A Brief Overview of Network Sockets

When a connection is established over TCP, a socket is created on both the local and the remote host. These sockets are then connected to create a socket pair, which is described by a unique 4-tuple consisting of the local IP address and port along with the remote IP address and port.

The remote IP address and port belong to the server side of the connection, and must be determined by the client before it can even initiate the connection. In most cases, the client automatically chooses which local IP address to use for the connection, but sometimes it is chosen by the software establishing the connection. Finally, the local port is randomly selected from a defined range made available by the operating system. The port is associated with the client only for the duration of the connection, and so is referred to as ephemeral. When the connection is terminated, the ephemeral port is available to be reused.
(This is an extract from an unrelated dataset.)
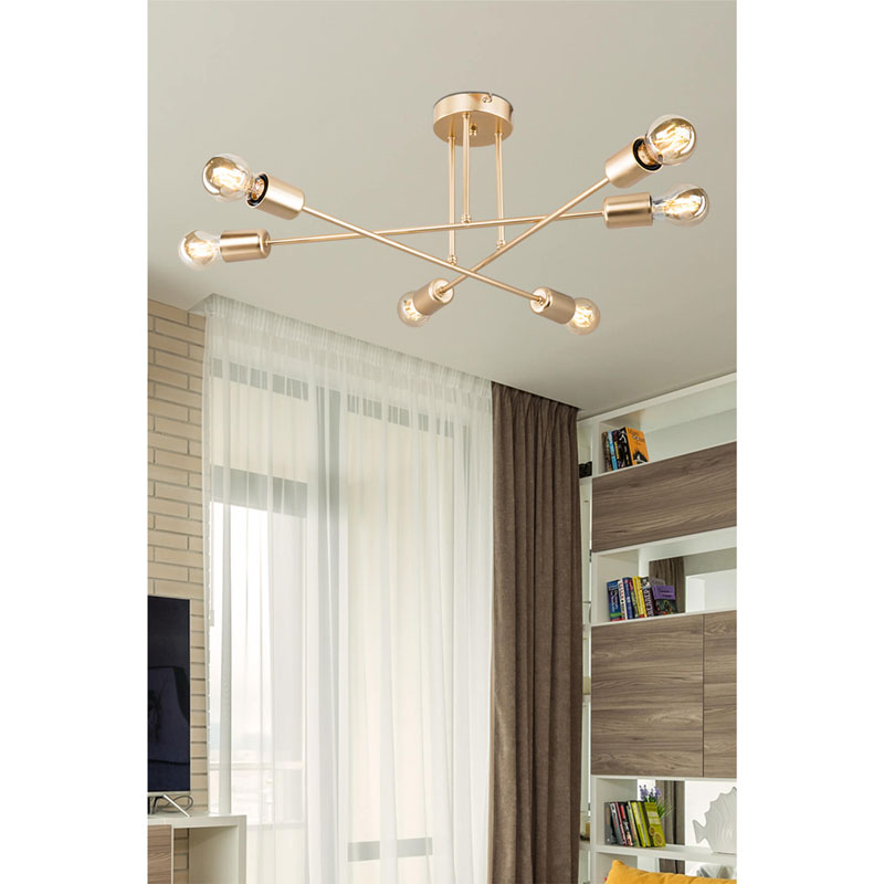 Μοντέρνο μεταλλικό φωτιστικό, ιδανικό για τη διακόσμηση σύγχρονων επαγγελματικών και οικιακών χώρων. Κατασκευασμένο με εξαιρετική ποιότητα, σε χρυσό χρώμα και με ένα εξαιρετικό design που το κάνει να ξεχωρίζει.

Recognizing Ephemeral Port Exhaustion

As mentioned in the introduction, NGINX Plus by nature is vulnerable to ephemeral port exhaustion and the problems it causes. When a request is proxied through the load balancer, the default behavior is to bind the socket for the proxied request automatically to a local IP address and an ephemeral port available on the server that is running NGINX Plus. If the connection rate increases and the sockets that are being established are moved into a waiting state faster than existing open sockets are being closed, eventually the available ports are exhausted and any new sockets cannot be created. This results in errors from both the operating system and NGINX Plus. Here’s an example of the resulting error in the NGINX Plus error log.
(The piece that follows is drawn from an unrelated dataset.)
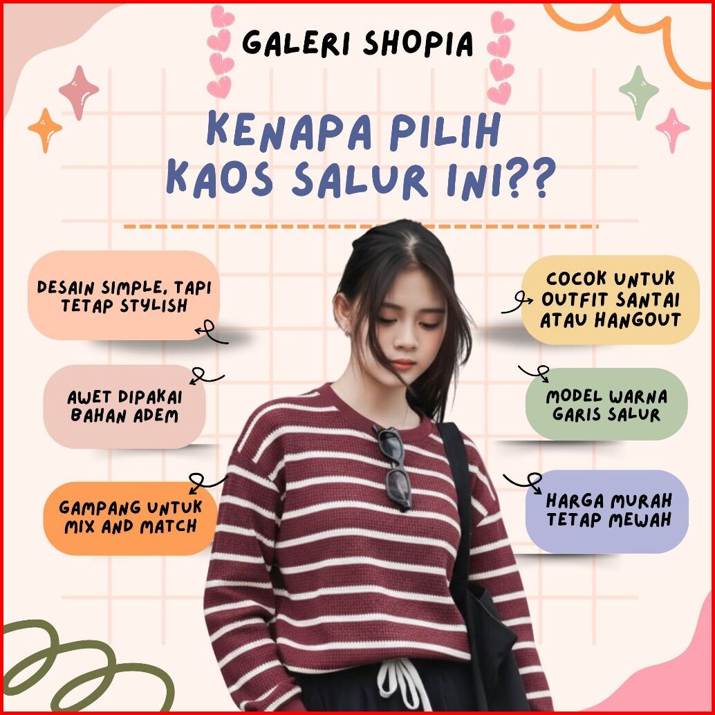 Hitam Garis Putih, Maroon Garis Putih, Coklat Garis Putih, Bata Garis Putih, Putih Garis Hitam, Denim Garis Putih, HIjauBotolGarisPutih, Hitam x Putih, Coksu Garis Putih, Hazelnut Garis Putih, Abu Misty GarisPutih, Mint Garis Putih, Wardah Garis Putih, Navy Garis Putih, Taro Garis Putih, Mocca Garis Putih, Mocca Garis Hitam, Salur2 Pink, Salur2 Latte, Salur3 Putih Pink, Salur3 Putih Abu, Salur3 Putih Biru, Salur3 Hitam Putih, Army Garis Putih, Pink Garis Putih

2016/03/18 09:08:37 [crit] 1888#1888: *13 connect() to 10.2.2.77:8081 failed (99: Cannot assign requested address) while connecting to upstream, client: 10.2.2.42, server: , request: "GET / HTTP/1.1", upstream: "http://10.2.2.77:8081/", host: "10.2.2.77"

Port exhaustion also causes a spike in 500 errors originated by NGINX Plus rather than the upstream server. Here is a sample entry in the NGINX Plus access log.

10.2.2.42 - - [18/Mar/2016:09:14:20 -0700] "GET / HTTP/1.1" 500 192 "-" "curl/7.35.0"

To check the number of sockets in the TIME-WAIT state on your NGINX Plus server, run the following ss command in the Linux shell. The example shows there are 143 sockets open with status TIME-WAIT. In the example we get the count by using the wc command to list the number of lines in the command output.

# ss -a | grep TIME-WAIT | wc -l

143

Tuning the Kernel to Increase the Number of Available Ephemeral Ports

One way to reduce ephemeral port exhaustion is with the Linux kernel net.ipv4.ip_local_port_range setting. The default range is most commonly 32768 through 61000.

If you notice that you are running out of ephemeral ports, changing the range from the default to 1024 through 65000 is a practical way to double the number of ephemeral ports available for use. For more information about changing kernel settings, see our Tuning NGINX for Performance blog post.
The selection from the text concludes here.